With many assets to choose from, asset-specific risk can be eliminated.
Assets are priced such that there are no arbitrage opportunities.
- Multifactor models are broadly categorized according to the type of factor used:
Macroeconomic factor models
Fundamental factor models
Statistical factor models
- In macroeconomic factor models, the factors are surprises in macroeconomic variables that significantly explain asset class (equity in our examples) returns. Surprise is defined as actual minus forecasted value and has an expected value of zero. The factors can be understood as affecting either the expected future cash flows of companies or the interest rate used to discount these cash flows back to the present and are meant to be uncorrelated.
- In fundamental factor models, the factors are attributes of stocks or companies that are important in explaining cross-sectional differences in stock prices. Among the fundamental factors are book-value-to-price ratio, market capitalization, price-to-earnings ratio, and financial leverage.
- In contrast to macroeconomic factor models, in fundamental models the factors are calculated as returns rather than surprises. In fundamental factor models, we generally specify the factor sensitivities (attributes) first and then estimate the factor returns through regressions. In macroeconomic factor models, however, we first develop the factor (surprise) series and then estimate the factor sensitivities through regressions. The factors of most fundamental factor models may be classified as company fundamental factors, company share-related factors, or macroeconomic factors.
- In statistical factor models, statistical methods are applied to a set of historical returns to determine portfolios that explain historical returns in one of two senses. In factor analysis models, the factors are the portfolios that best explain (reproduce) historical return covariances. In principal-components models, the factors are portfolios that best explain (reproduce) the historical return variances.
- Multifactor models have applications to return attribution, risk attribution, portfolio construction, and strategic investment decisions.
- A factor portfolio is a portfolio with unit sensitivity to a factor and zero sensitivity to other factors.
- Active return is the return in excess of the return on the benchmark.
- Active risk is the standard deviation of active returns. Active risk is also called tracking error or tracking risk. Active risk squared can be decomposed as the sum of active factor risk and active specific risk.

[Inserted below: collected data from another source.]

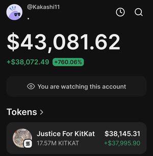 Tato peněženka je nyní v zisku 42 000 USD na $Kitkat po nákupu 924 USD, který se dosud prodal za 4 670 USD.
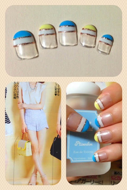 添付は浴衣用に作ったネイルです。ふんわりグラデーションにヨーヨー風アートをしてみました♪
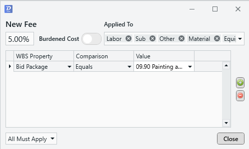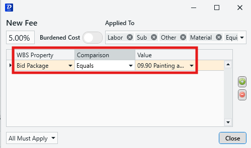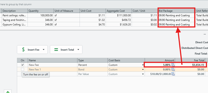 - In the below example, we have configured our fee to calculate against line items that are in the '09.90 Painting and Coating' Bid Package.

- The information ratio (IR) is mean active return divided by active risk (tracking error). The IR measures the increment in mean active return per unit of active risk.
- Factor models have uses in constructing portfolios that track market indexes and in alternative index construction.
- Traditionally, the CAPM approach would allocate assets between the risk-free asset and a broadly diversified index fund. Considering multiple sources of systematic risk may allow investors to improve on that result by tilting away from the market portfolio. Generally, investors would gain from accepting above average (below average) exposures to risks that they have a comparative advantage (comparative disadvantage) in bearing.